After church we go to a burial- a child has died. We go to the home, mats decorate the yard, here we will sit to mourn. But first I must go around and greet all of the elders. I shake hands with maybe thirty of the most ancient looking people I have ever seen. I sit and am served ugali, beans and cabbage- as I eat with my hand, I try not to think of everyone's hands I just touched...ewww. At the burial I run into the Mama who sat next to me on the drive into town where I was sick. She goes by "Mama David" which is also Roma's wife's "Name" but different person. Juster knows her- not a big surprise. Mama David goes to Juster's home to fix her hair. Mary comes along too. She is Mama David's youngest child. She is six, wears a pink flowered dress with a broken zipper and is missing her two front teeth. I play a bit with her, she is shy but not really afraid of me. A woman comes over named Angel- who is friendly and offers to teach me Kibena in exchange for English lessons. We talk a bit and once Juster's hair is finished we go to walk to Mama David's home.
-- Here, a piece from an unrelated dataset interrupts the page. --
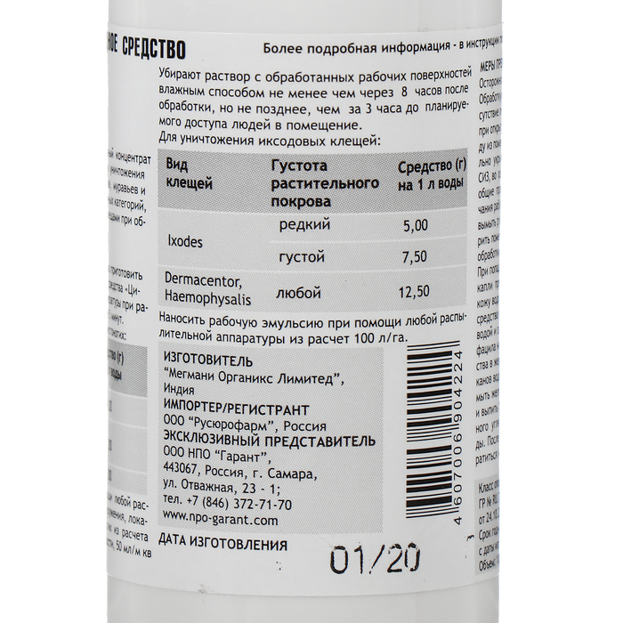 Концентрат Циперметрин 25 имеет высокую концентрацию действующего вещества, что позволяет использовать его в минимальных дозах. Это делает его экономичным и удобным в использовании. Кроме того, благодаря специальной форме выпуска – флакону ПЭТ – его можно легко хранить и транспортировать.
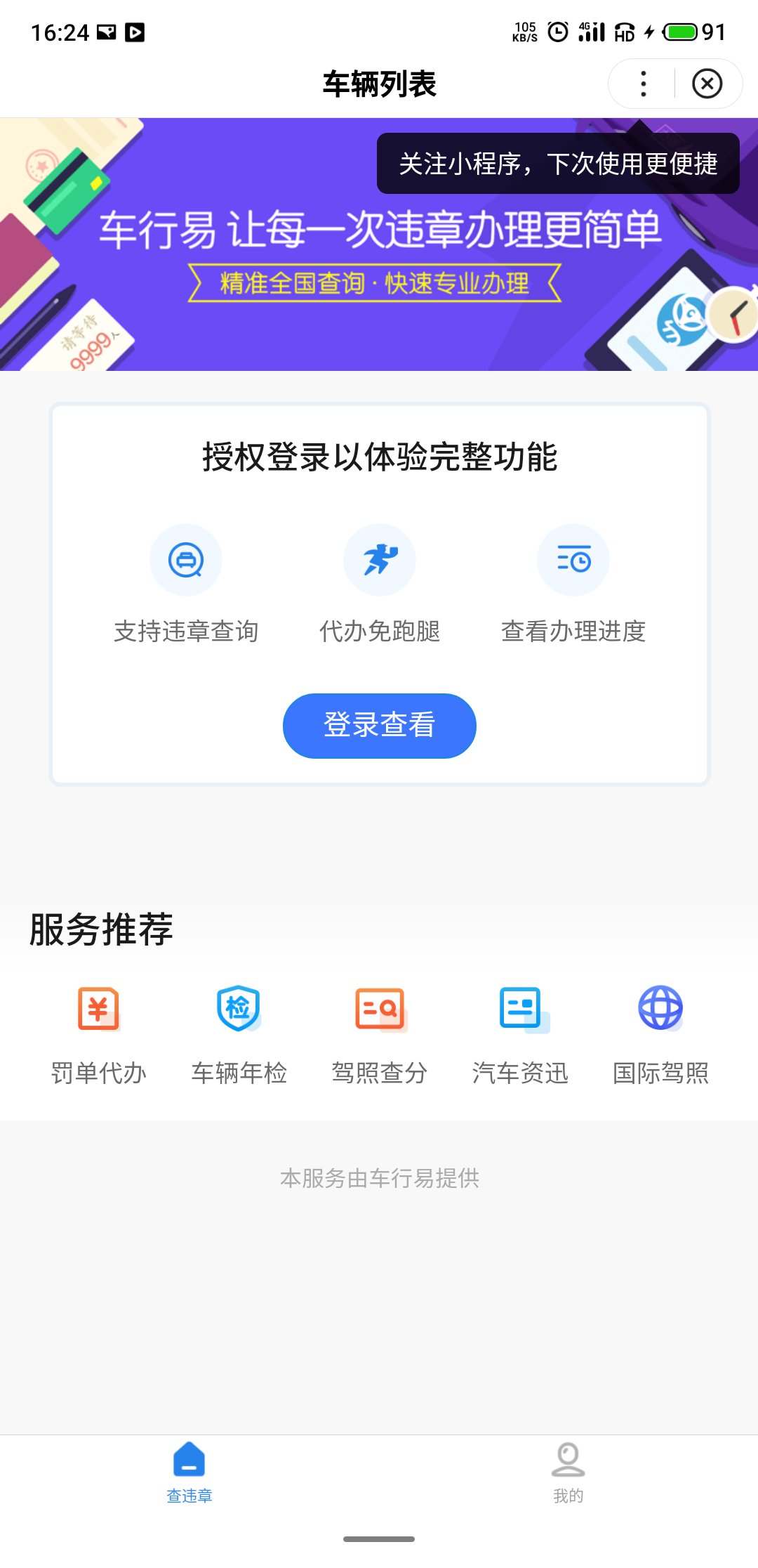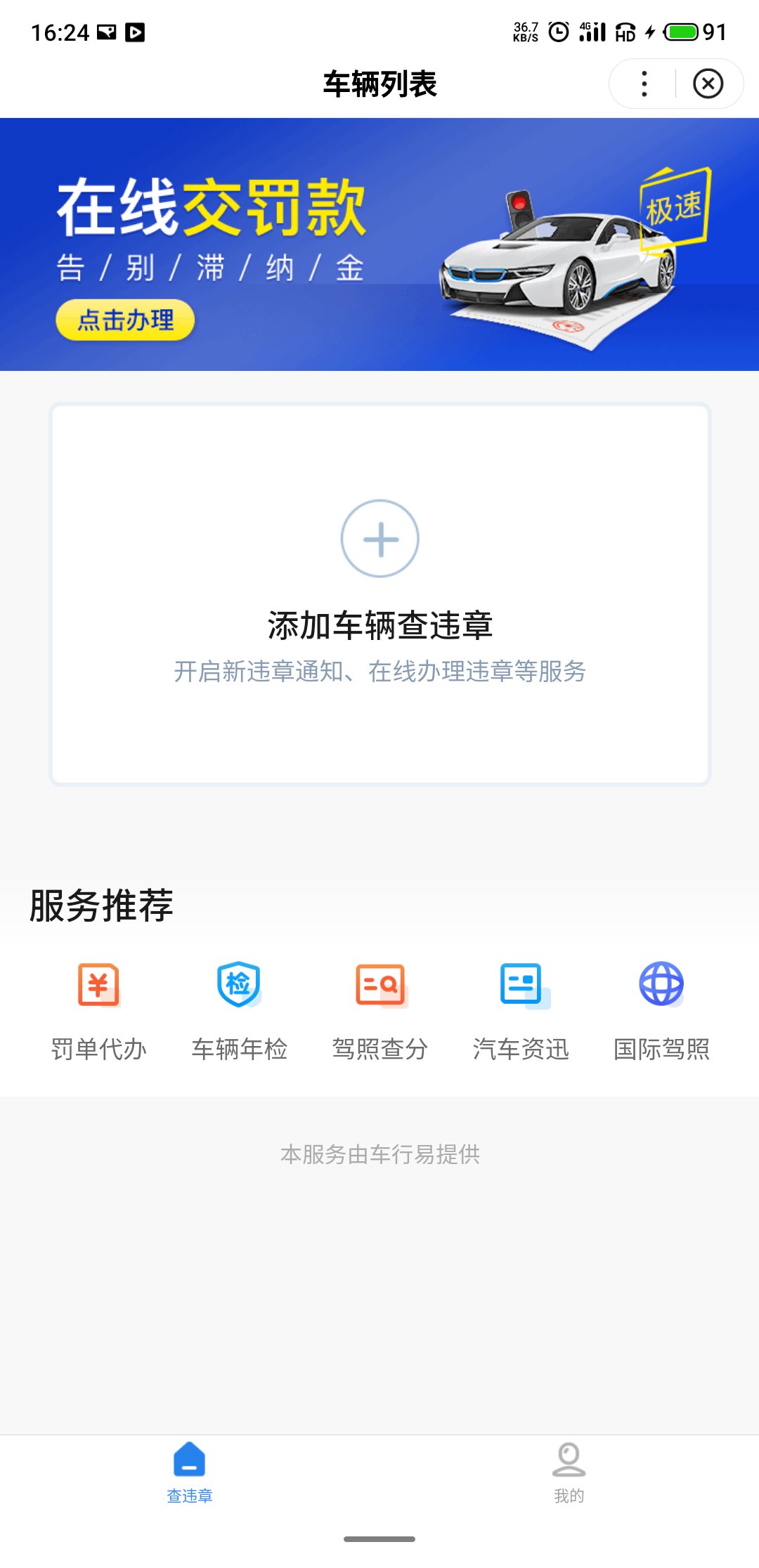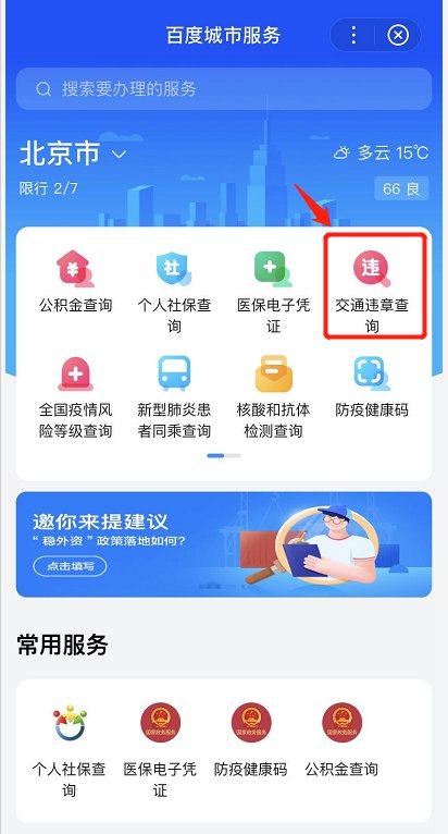 百度城市服务小程序:点击『交通违章查询』

We go to a part of the village I have never walked through before.
This girl runs up to us and says "Hi" to me. She is wearing a Barak Obama t-shirt, capri jeans, heels, as much jewelry as I am wearing, and has her hair cut short and gelled into spikes. Am I back in America? Her name is Vicky, she is from my village but is studying business in Dar es Salaam. She is marrying a man from Holland next month which is not surprising because she is beautiful, vivacious and charismatic. She walks with us and I learn of of this information. (I walk with her everyday now, although she is just here for a brief visit. I love walking with her, Juster blends in a bit but Vicky warrants almost as many stares as I do. She knows everyone but greets them with a scream or a "Ciao Bella". One day she wore a bright orange sweatsuit to go walking, she always wears pants. I love her energy.) I need to figure out the key to Vicky's success and I don't think it is money. Once I know it I can figure out how to replicate it for Katherine and Mary so that they have the same opportunities.
Anyways, I walk through the village with my new best friends, we stop at houses and greet people who then invite us in for rice, beans, chai, soda or some combo of all. I eat maybe a dozen meals- great, so much for the weight loss... Finally we reach Mama David's home. She invites me to come whenever I want, so I am glad to finally have a village Mama friend. I met so many people today, shook so many hands. My Villagers are curious and shy around me but I think that they will come around. I will have to put in a lot of time getting them used to me- but I think the pay off of having them as life long friends will be tremendous.